Stocks lower after Williams does Powell’s pushback job, SOTU, Uber Earnings, , Crypto drops

US stocks declined after Fed member Williams did the pushback that everyone was expecting Fed Chair Powell to do. ​ Williams quickly sank risk appetite after he reminded Wall Street that if financial conditions loosen, higher rates may be needed. ​ Financial conditions have been easing since October and this is why the Fed needed to push back on how the markets have been pricing in rate cuts at the end of the year.

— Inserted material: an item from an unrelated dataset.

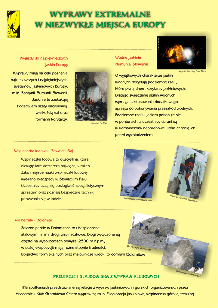 ARTUR ¯ERA WYPRAWY EXTREMALNE W NIEZWYK£E MIEJSCA EUROPY Wodne jaskinie Wyjazdy do najpiêkniejszych Rumunia, S³owenia jaskiñ Europy najciekawszych i najpiêkniejszych systemów jaskiniowych Europy, W jaskini wodnej Sura Mare MACIEJ STACHURA Wyprawy maj¹ na celu poznanie O wyj¹tkowych charakterze jaskiñ wodnych decyduj¹ podziemne rzeki, które p³yn¹ dnem korytarzy jaskiniowych. m.in. Sardynii, Rumunii, S³owenii. Dlatego zwiedzanie jaskiñ wodnych Jaskinie te zaskakuj¹ wymaga zastosowania dodatkowego bogactwem szaty naciekowej, sprzêtu do pokonywania przeszkód wodnych. wielkoœci¹ sal oraz Podziemne rzeki i jeziora pokonuje siê formami korytarzy. Jaskinia Su Palu w pontonach, a uczestnicy ubrani s¹ w kombinezony neoprenowe, które chroni¹ ich niew¹tpliwie dostarcza najwiêcej wra¿eñ. DORO TA BA Ñ Wspinaczka lodowa to dyscyplina, która TOMASZ BA STER Wspinaczka lodowa - S³owacki Raj KOW SKA przed wych³odzeniem. Jako miejsce nauki wspinaczki lodowej wybrano lodospady w S³owackim Raju. Uczestnicy ucz¹ siê pos³ugiwaæ specjalistycznym sprzêtem oraz poznaj¹ bezpieczne techniki stalowymi linami drogi wspinaczkowe. Drogi wytyczone s¹ czêsto na wysokoœciach powy¿ej 2500 m n.p.m., w du¿ej ekspozycji; maj¹ ró¿ne stopnie trudnoœci. Via Fe rraty w Dolom itach NA J Ê DRYS ¯elazne percie w Dolomitach to ubezpieczone spada ch JOAN Via Ferraty - Dolomity Wspin aczka na lod o Wspinaczka na lodospadach JOANN A JÊDR YS poruszania siê w lodzie. Bogactwo form skalnych oraz malownicze widoki to domena Dolomitów. Wspin aczka w PRELEKCJE I SLAJDOWISKA Z WYPRAW KLUBOWYCH Dolom itach !Na spotkaniach przedstawiane s¹ relacje z wypraw jaskiniowych i górskich organizowanych przez Akademicki Klub Groto³azów. Celem wypraw s¹ m.in. Eksploracja jaskiniowa, wspinaczka górska, trekking.
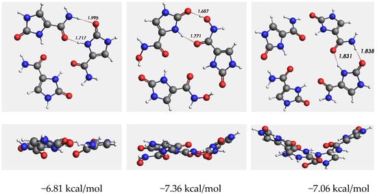 The complex forming capacity of imidazolidinone derivatives was investigated theoretically by high level quantum chemical methods. Density functional calculations with BLYP-D3/TZ2P level of theory was applied and two derivatives, namely the amide and the hydroxamic acid forms were calculated in higher—order structures. The optimized geometrics (top and side views) with important bond distances and average single hydrogen bond energies are presented in Figure 6.

Williams also reiterated that if the situation changes, they can move faster than 25 basis point moves. ​ Fed’s Cook also restated we are not done raising interest rates.

If the Valentine’s day inflation report ends up being a hot one, traders might start believing the Fed’s hawkish pushback here. ​

SOTU

The State of the Union provided a glimpse of what President Biden’s re-election campaign might be. President Biden reiterated that he seeks competition and not conflict with China. He also vowed he won’t let the US default over the debt limit.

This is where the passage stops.